Dans un livre, j’ai lu que le mot « canoë » est arrivé en Europe grâce aux Espagnols. En somme, « canoë » a voyagé en « caravelle »…
Dans un livre, j’ai lu que Cocteau fit rire un auditoire d’Immortels, en déclarant dans son discours de réception à l’Académie française : « Je sais que la poésie est indispensable. Mais je ne sais pas à quoi… »
Dans un livre, j’ai lu que…, ce sont les trésors de lecture d’Eugène, insolites, drôles, érudits… Embarquement pour le pays des mots !
Partagez avec Eugène vos propos trouvailles… Lisez et participez à la suite de l’aventure.
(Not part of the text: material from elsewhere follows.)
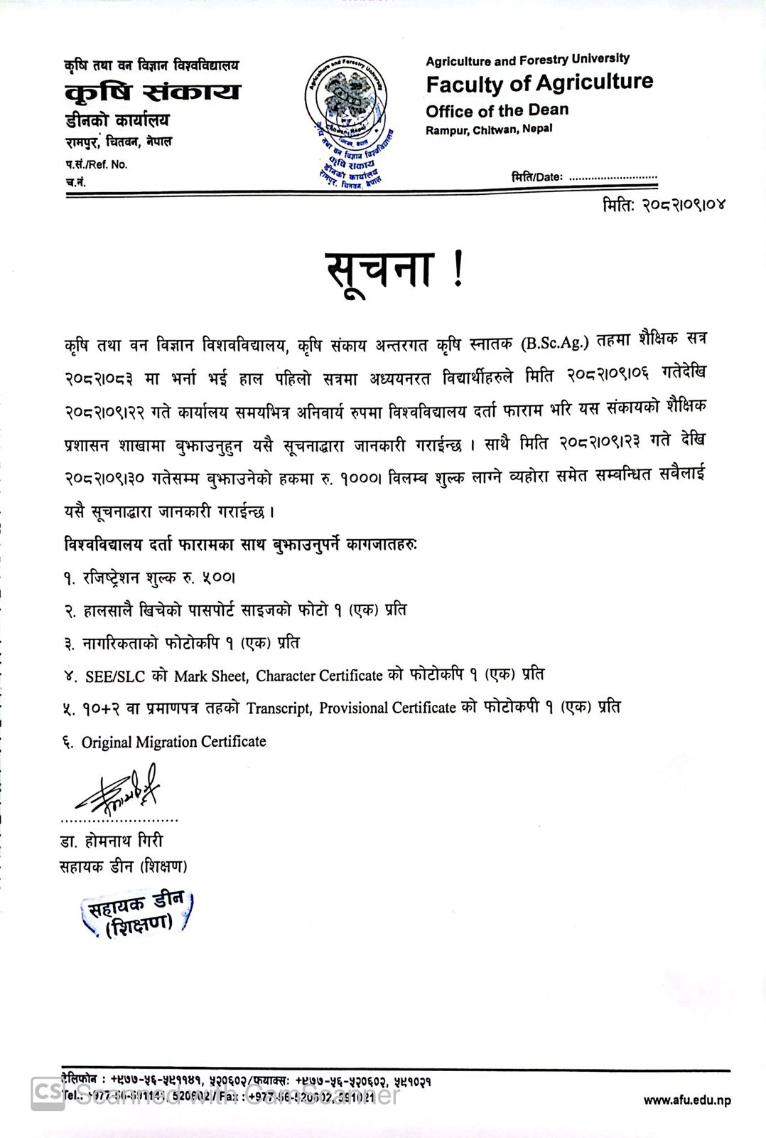 Admission Notice UDF 5th List M.Sc. Forestry 2082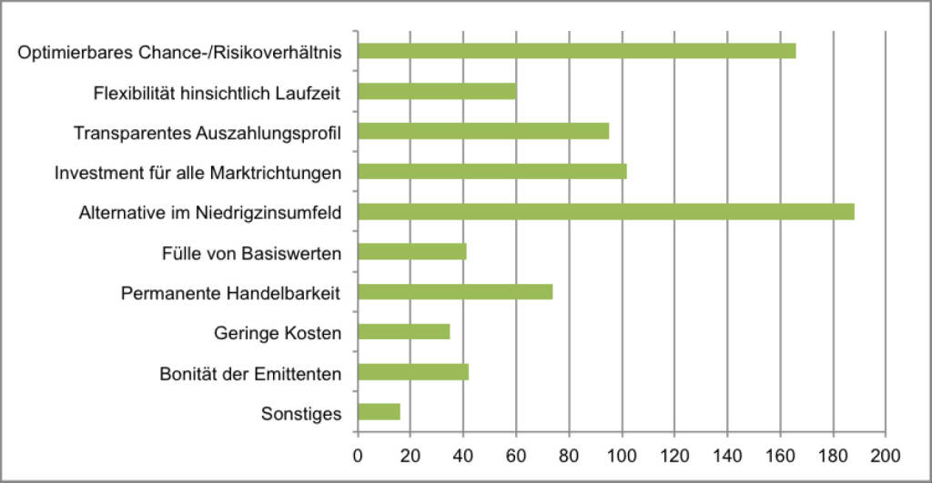Das Hauptargument, das die Berater einsetzen und das bei den Kunden wirkt, ist die Alternative zu herkömmlichen Anlagen im Niedrigzinsumfeld. An zweiter Stelle steht die Möglichkeit, das Chancen-Risiko-Verhältnis zu optimieren und selbst zu wählen. Dass Zertifikate ein Investment für jede Marktsituation sind und dass das Auszahlungsprofil transparent ist, wird – wenn auch mit deutlichem Abstand – als Unterstützung für die Kaufentscheidung genannt. Darüber hinaus scheint die permanente Handelbarkeit ein wichtiges Argument zu sein.

Voir modalités du jeu à l’intérieur.

 

Ce petit volume est une compilation d’anecdotes au sujet de la littérature dénichées dans des livres de tous types et de toutes époques. Ces trouvailles ont été proposées par des professionnels de la littérature ou par des amateurs passionnés. Seul critère : l’originalité (au sens que le Larousse donne de l’adjectif original : Qui émane directement de son auteur ou de sa source, qui n’est pas une copie, une reproduction, une traduction, une refonte, etc. ; authentique.)

 

Cela donne un passionnant recueil de découvertes classées selon un subjectif ordre alphabétique de thèmes. Petites et grandes histoires de la littérature, vérités qu’il était nécessaire de rétablir et explications enfin obtenues, anecdotes à produire dans les dîners et leçons de choses… c’est une mine.

A offrir aux amoureux de la littérature et aux autres, pour lire et faire lire toujours davantage.

 

Éditions autrement, mars 2011, pages, 10 euros

 

Quelques découvertes :

 

Dans un livre, j’ai lu qu’on peut avaler une formule magique comme on avale un médicament. Par exemple, des souffrants placent sur leur langue une pierre de jade sur laquelle une formule magique est inscrite. Ils laissent les mots se mélanger à leur salive, qui coule dans l’estomac et de là se répand dans tout le corps.

 

Dans un livre de médecine, j’ai lu que « le placebo est un mensonge qui guérit ». Je me demande s’il ne s’agit pas de la plus belle définition de la littérature.

 

Dans un livre, j’ai lu cette mise en garde d’un professeur de littérature à ses jeunes étudiants : « Si vous croyez avoir inventé quelque chose, c’est que vous n’avez pas encore assez lu. »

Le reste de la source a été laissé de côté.